Written by David Holland
This adaptation of “The Punisher” came out while I was in high school during that mandatory phase that boys my age went through when they were required to like “The Boondock Saints” (and any movie in that vein) to an unreasonable degree. Because the 2004 “Punisher” fits in that category (relatively small cast, lots of small sets with gratuitous violence), I look back on it fondly through the rose-colored lenses of nostalgia.
I’ve watched a few Westerns that I enjoy, but I wouldn’t say I particularly love the genre. That’s why I am a little bit surprised that I enjoy this movie so much given that it is clearly written with the Western genre in mind. It’s got a classic sheriff (in this case DEA agent) working outside the law to clean up the town. Plus there are a couple quickdraw gunfights complete with Western music and sound effects.
Frank Castle plans his revenge from an apartment that is apparently not that well hidden, since The Russian (Kevin Nash) simply knocks on his front door. Castle’s three neighbors – Joan, Dave, and Bumpo – bring some levity to the movie. They are the sources of most of the film’s comic relief in an era before the MCU’s patented serious-to-silly ratio. Back in 2004 comic book movies were still trying to figure out tone. The Punisher could easily be 100% dark and serious in a film adaptation, and certainly some fans may want that, but I don’t mind that the neighbors humanize Castle a bit. Plus, we get the Thanksgiving scene with them and Bumpo’s iconic line “Thanks for leftovers and Diet Pepsi”.

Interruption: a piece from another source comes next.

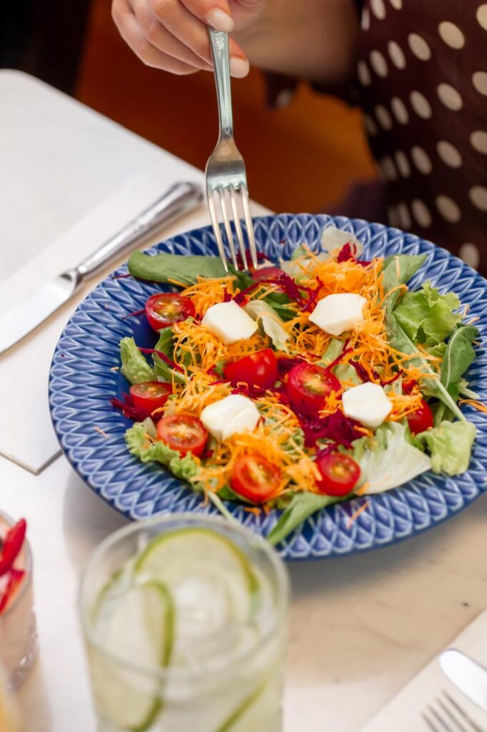 Há ainda três tipos de salada — a vegetariana colorida, a Caesar e a versão com atum — além de porções à parte de salada de frutas e iogurte para quem busca algo mais leve.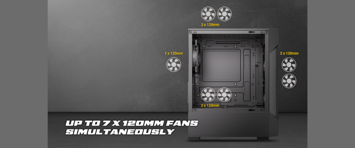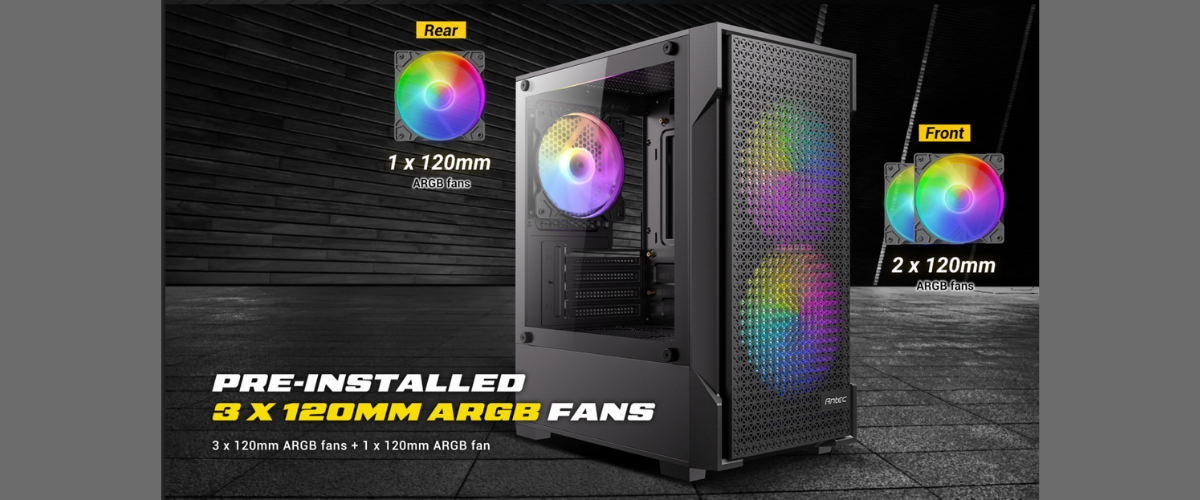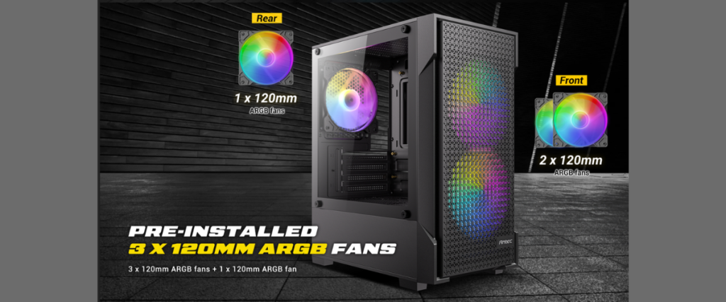 VX100M ARGB ติดตั้งพัดลม ARGB 120 mm ติดตั้งมาแล้วจากโรงงานทั้งหมด 3 ตัว โดยติดตั้งด้านหน้า 2 ตัว และด้านหลัง 1 ตัวยกระดับการระบายความร้อนด้วยแผงหน้ากากดีไซน์ High-Airflow ที่เปิดรับอากาศเข้าสู่ระบบได้อย่างเต็มพิกัดจากช่องทางเดินอากาศรอบทิศทาง ช่วยให้การถ่ายเทและกระจายความร้อนภายในทำได้อย่างรวดเร็วและมีประสิทธิภาพสูงสุด

Beyond all that, I just love a slow burn revenge. I like Castle’s intricate scheme to make Howard Saint murder his wife and Quentin, rather than simply doing it himself. Over time you watch Saint slowly begin to unravel as the walls close in while Castle fends off an increasingly colorful series of assassins.
I will acknowledge that I am approaching this movie as someone who hasn’t read many solo Punisher comics. Fans of the source material have a fair amount to complain about with this movie. The Punisher is one of those long-lasting characters that needs to have his origin story updated every so often due to the relentless march of time. So Frank Castle goes from being a Vietnam veteran to a First Gulf War veteran. I think you lose a little bit with this change, just because of the connotations of Vietnam in the minds of most Americans, but it’s an understandable decision. (This is off topic, but I do wonder how Marvel plans to justify Magneto’s sprightly agility given that surviving the Holocaust is such an integral party of his character.) And the good news for future Frank Castle adaptations is, that there is no shortage of other wars he could conceivably have fought in.
Other changes might also have bothered avid comics readers. Howard Saint, the film’s primary antagonist, is not a canonical villain. He was made up for the movie and boils down to a generic organized crime boss. The Punisher doesn’t have the most recognizable rogue’s gallery outside of The Kingpin or Bullseye, but Saint certainly doesn’t add much depth. The Russian does make an appearance for an extended fight scene, but that might not be enough to satisfy Punisher superfans. Finally, the tone may not work for everyone. I love the clear Western influences and the Die Hard feel of one ordinary man against a small number of enemies in tight spaces. But if you came to this adaptation of Punisher looking for huge set pieces in which Castle mows down rows of enemies, you could find yourself relatively disappointed by this film’s slow burn.
It’s a Western starring the Punisher! What’s not to love?